_Prompt_: Nothing but the lines below, from the first through the line containing "The Panasonic Lumix", should be set down, each one exactly and without pictures.

_Supplied information_:
*** Block opens ***

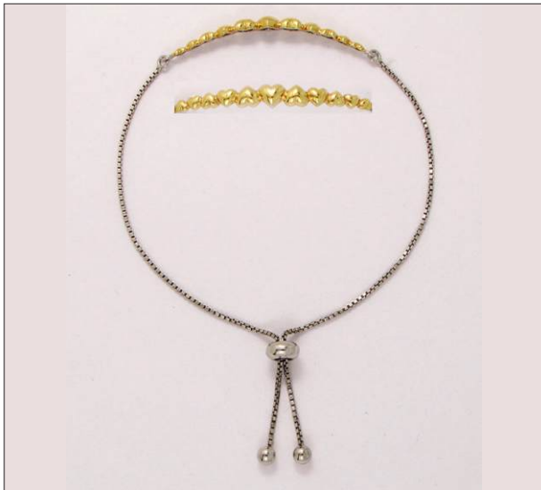
BR1073772T WT: 4.15 gm
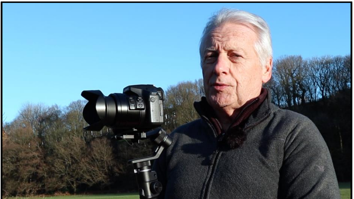
The Panasonic Lumix FZ3003/330 on the FeiyuTech G6Max Gimbal.

The biggest compatibility and full utilisation of all the functions of the Feiyu On app is to use a smartphone mounted using the smartphone mount. You can then perform time lapse stills, face tracking, object tracking, motion tracking and capture time lapse motion video.
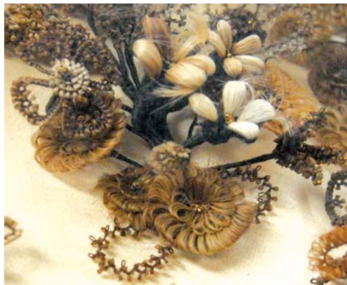
Detail of Mary Alden’s hair wreath

The floral wreath shown above and at right is an example of the former – an item typically made from the hair of multiple people was a way to use easily found materials and a way to commemorate loved ones. Think of it as a sort of family tree. Note the various colors of hair included in the detail photograph of this wreath, including many gray hairs – this shows that it was made from the hair of multiple people. Patterns and the materials to make such works of art were commonly available in stores or women’s magazines. Hair made an excellent found material for such artistic ventures, it was an age where women took pride in their long tresses, and there were few other ways to pay homage to your loved ones. The magazine
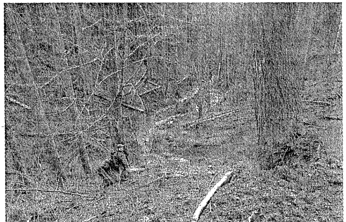
Road-caused landslide, Clatsop State Forest, Dec. 2008
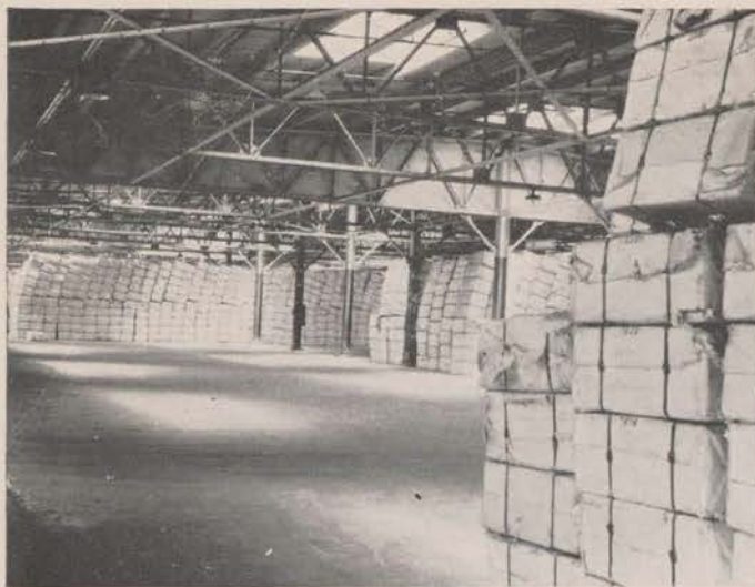
Wood Pulp Stored in a Section of the Wilmington Marine Terminal Warehouse
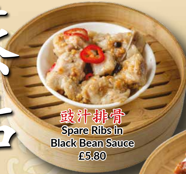
豉汁排骨 Spare Ribs in Black Bean Sauce £5.80
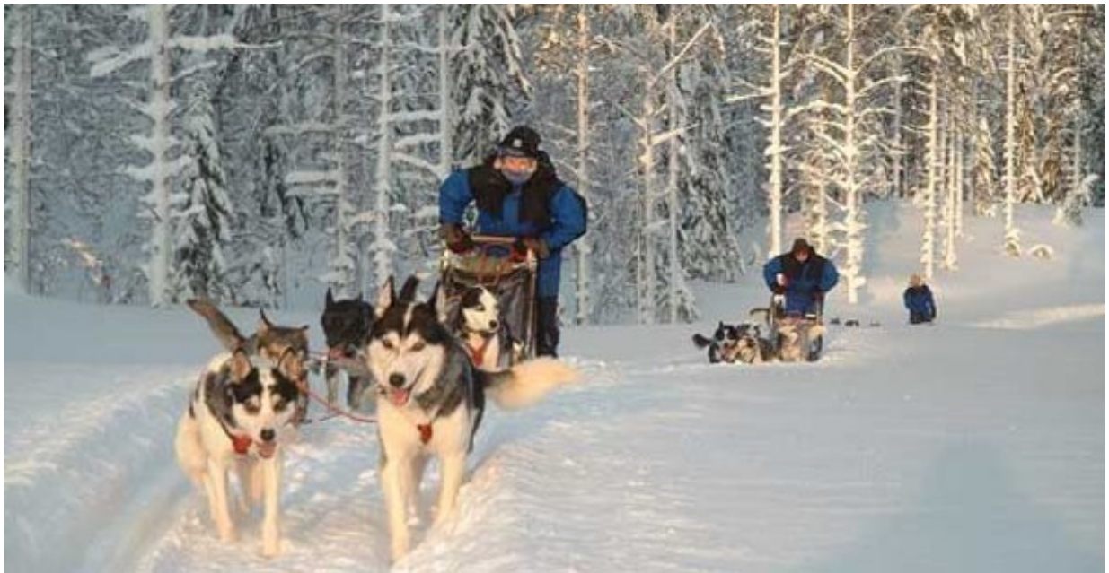
Husky Day Tour (sharing a sled – add £55 per person for own sled) Full husky safari with lunch round an open fire. 4 to 5 hrs, 25 to 35km. £185
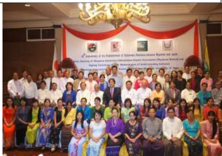
A group photo with Alumni members
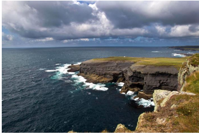
The Wild Atlantic Way

Loop Head, the desolately beautiful Co. Clare peninsula, is going from strength to strength. A new, 76km cycling loop set to open this May bank holiday weekend. Yet another reason to visit!
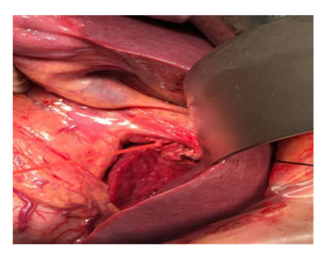
Figure 3. Operative picture showing the caudate lobe tumor and caudate lobe artery
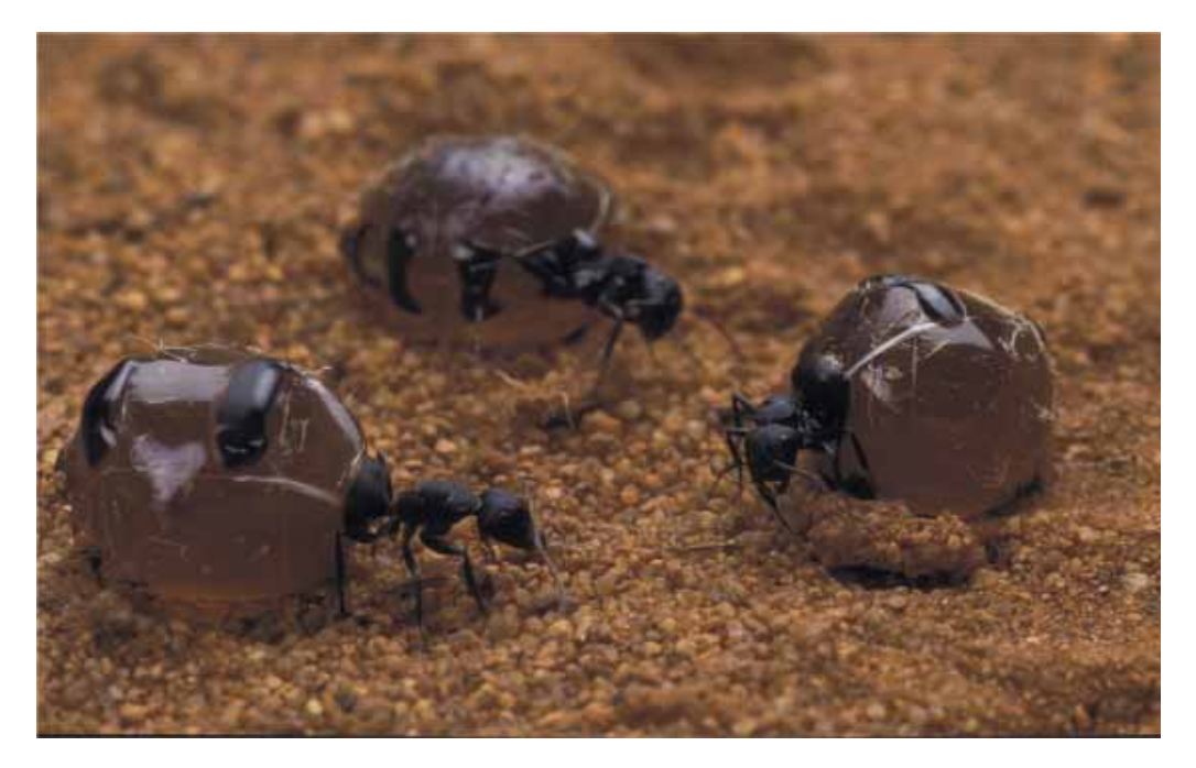
Plate 2. Honey ants

Aborigines involved patterns of movement determined by resource availability, and this, combined with low population numbers, reduced the danger of overexploitation of food resources.
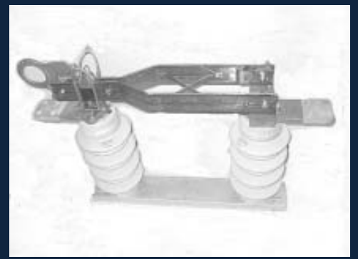
Hookstick switches available in ratings from 600 to 6000 amps, depending on voltage. Voltage ratings up to 169kV
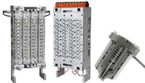
Mold (Hotrunner Systems)

Through many years of market testing, UWA Coil Heaters have achieved support and acknowledgement from many Hotrunner users.
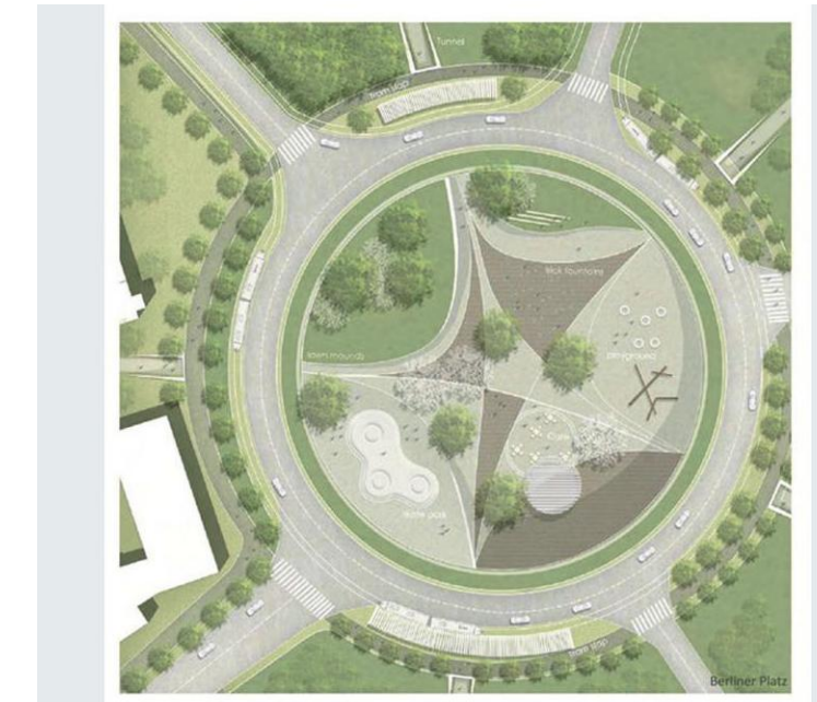
Round-about main concept, center poin of the project.

The designed zone, it has been divided into three parts, creating contrast between them. The left part is the combination of all, with predominance of residential and commercial buildings, with light elements of agriculture and little private gardens, green and public spaces. The round-about contains tram statio and it creates also the main public space. The right part is more calm area full of detached houses and agriculture, with own and common gardens. Under the electricity lines are placed the third of designed zones- it is the activity area
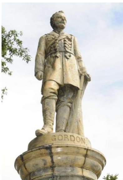
Statue of Gordon in Gravesend

By 1860 he was in Shanghai, where the opium wars were smouldering, and the French had, to his disgust, looted the Summer Palace at Peking. He got on well with the Chinese, having taken pains to learn Mandarin, and this eventually caused him to be put in charge of the Chinese (or ‘Ever-Victorious’) army, which was confronting the rebels in its borders; he re-organized it and drilled it, creating (as Cromwell had done) a ‘New Model Army’, and helping to end the Taiping Rebellion.
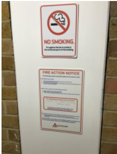
The provided fire action notice
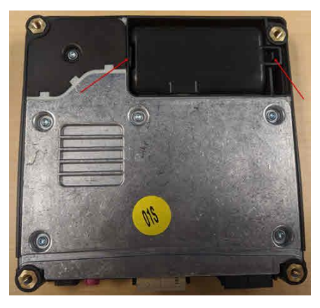
Figure 1. Backup battery compartment location.
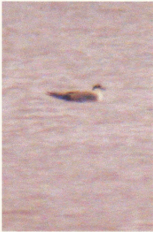
Longtailed Jaeger Sarasota Lake PA 8-27-05
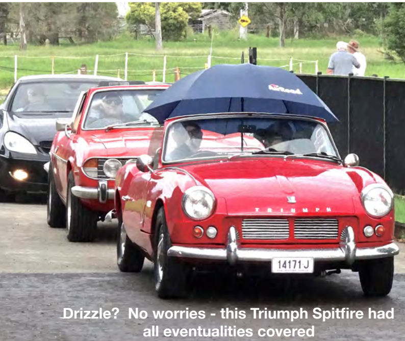
Drizzle? No worries - this Triumph Spitfire had all eventualities covered
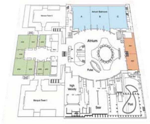
Atrium level (AL)
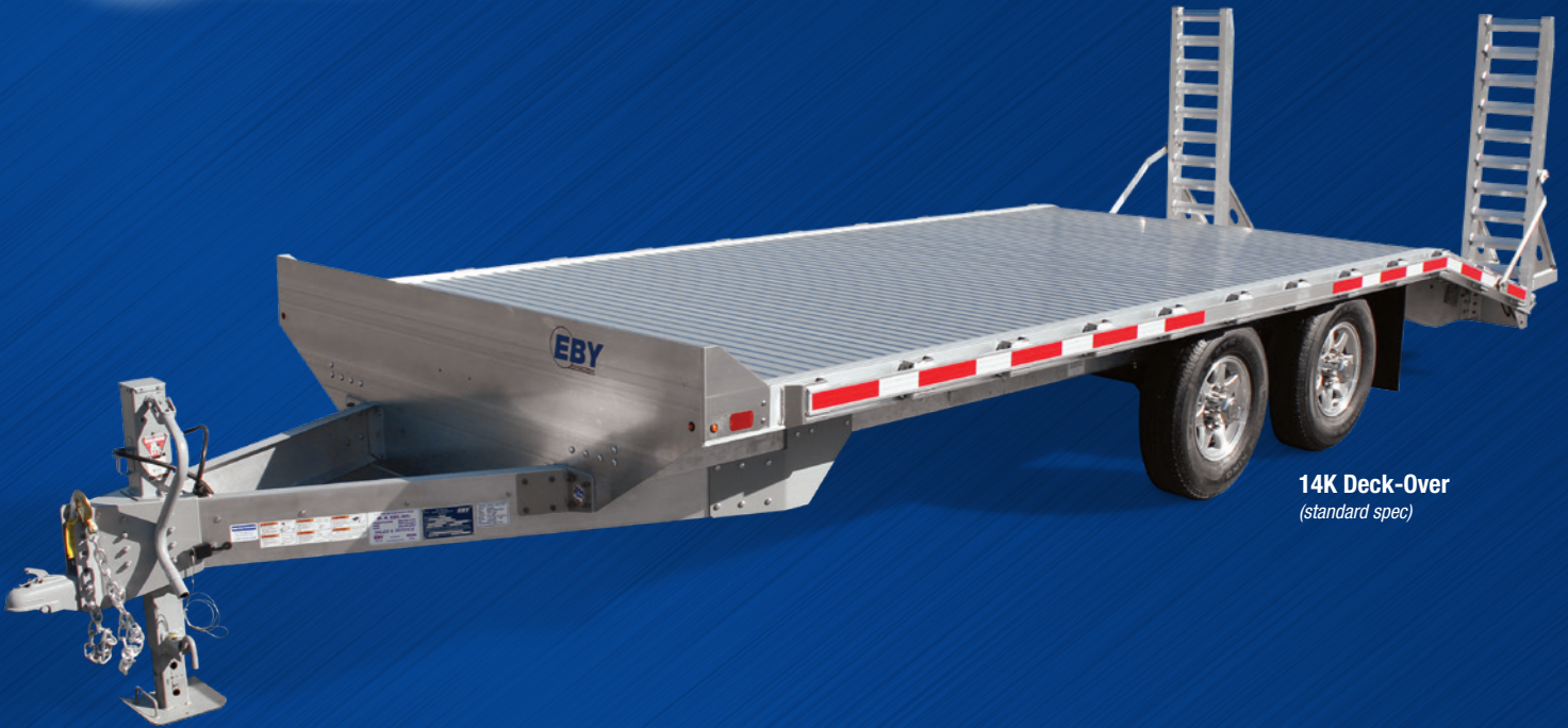
14K Deck-Over (standard spec)
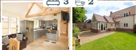
LONG MEADOW, COPDOCK ASKING PRICE OF £475,000
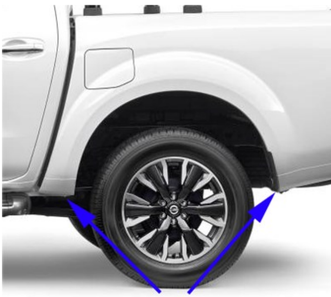
TWO FACTORY SCREW POINTS

Remove mud flaps and place fender flares on the rear guard. Make sure the fender flares fit snug against the body / guards.
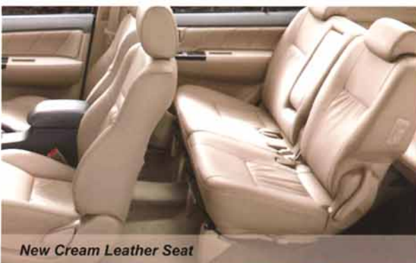
New Cream Leather Seat
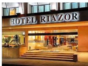
Hotel Riazor (3*)
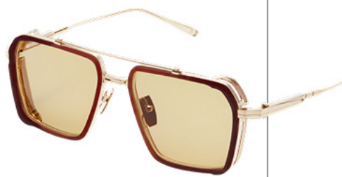
▲ THE SHADE AKONI TIROS SUNGLASSES ($1,230), AKONI.COM
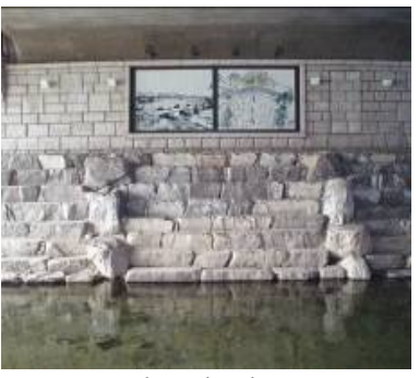
Under a bridge at Cheonggyecheon Stream.

Large natural stepping stones bridged the stream at intervals and people were crossing on them. Reflections showed natural vs. industrial. The light is softer, muted, down near the stream.
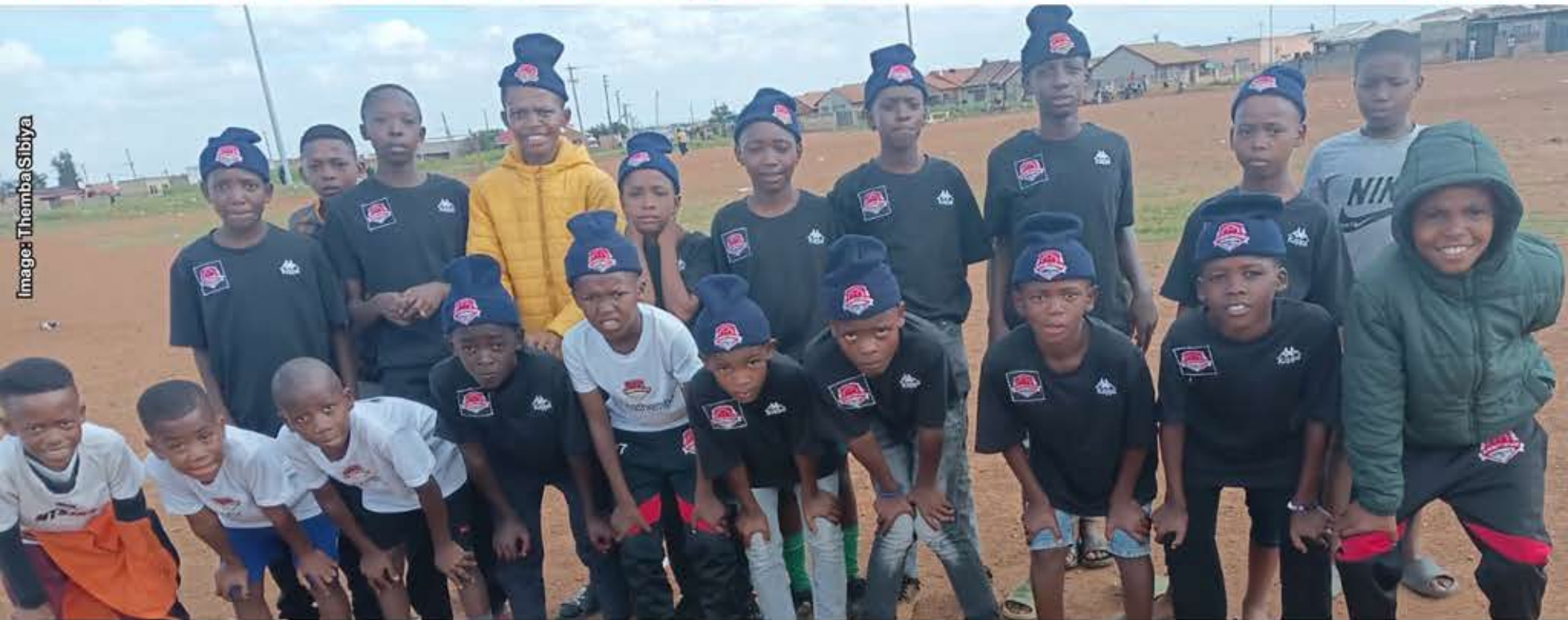
Local rising talent lines up on their home ground, eager and ready to participate in the Super Cup Soccer Tournament

This team, based in Orange Farm Ext 1, has issued a public appeal for sponsorship as it prepares to compete in the upcoming Super Cup Soccer Tournament in Pretoria.
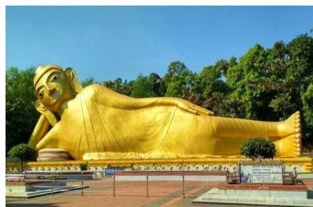
100 feet buddha statue
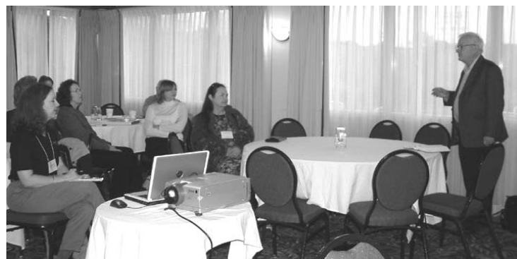
Thursday morning devotions
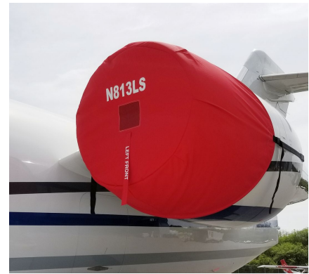
Grumman Gulfstream G-II Intake Covers
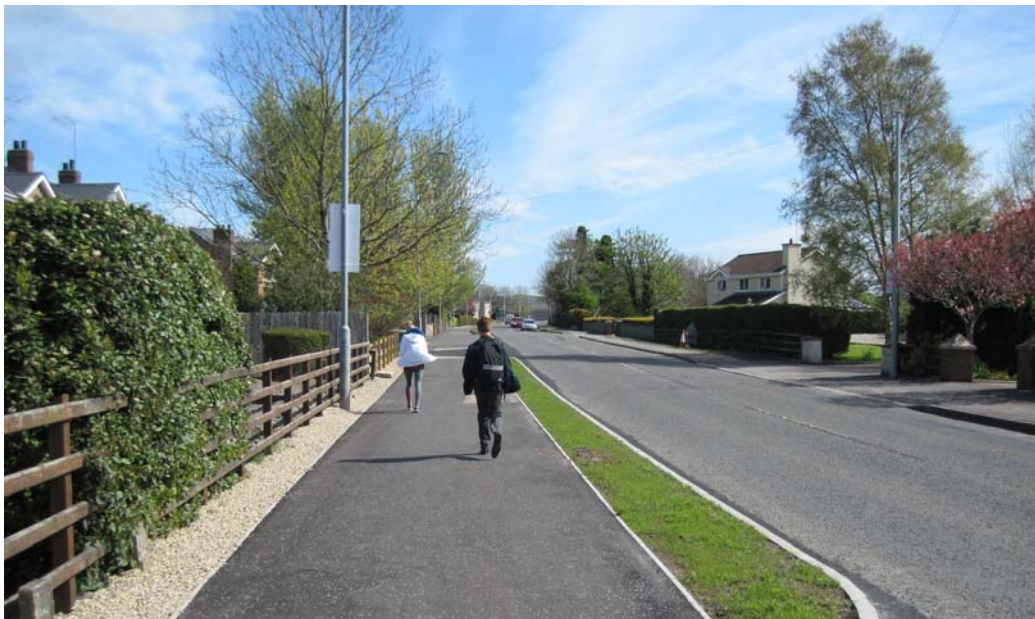
A32 Tempo Road, Enniskillen - After
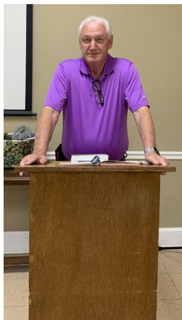
Good food and good friends at the October Keenagers Meeting.

*** Block closes ***

_Written response_:
BR1073772T WT: 4.15 gm
The Panasonic Lumix FZ3003/330 on the FeiyuTech G6Max Gimbal.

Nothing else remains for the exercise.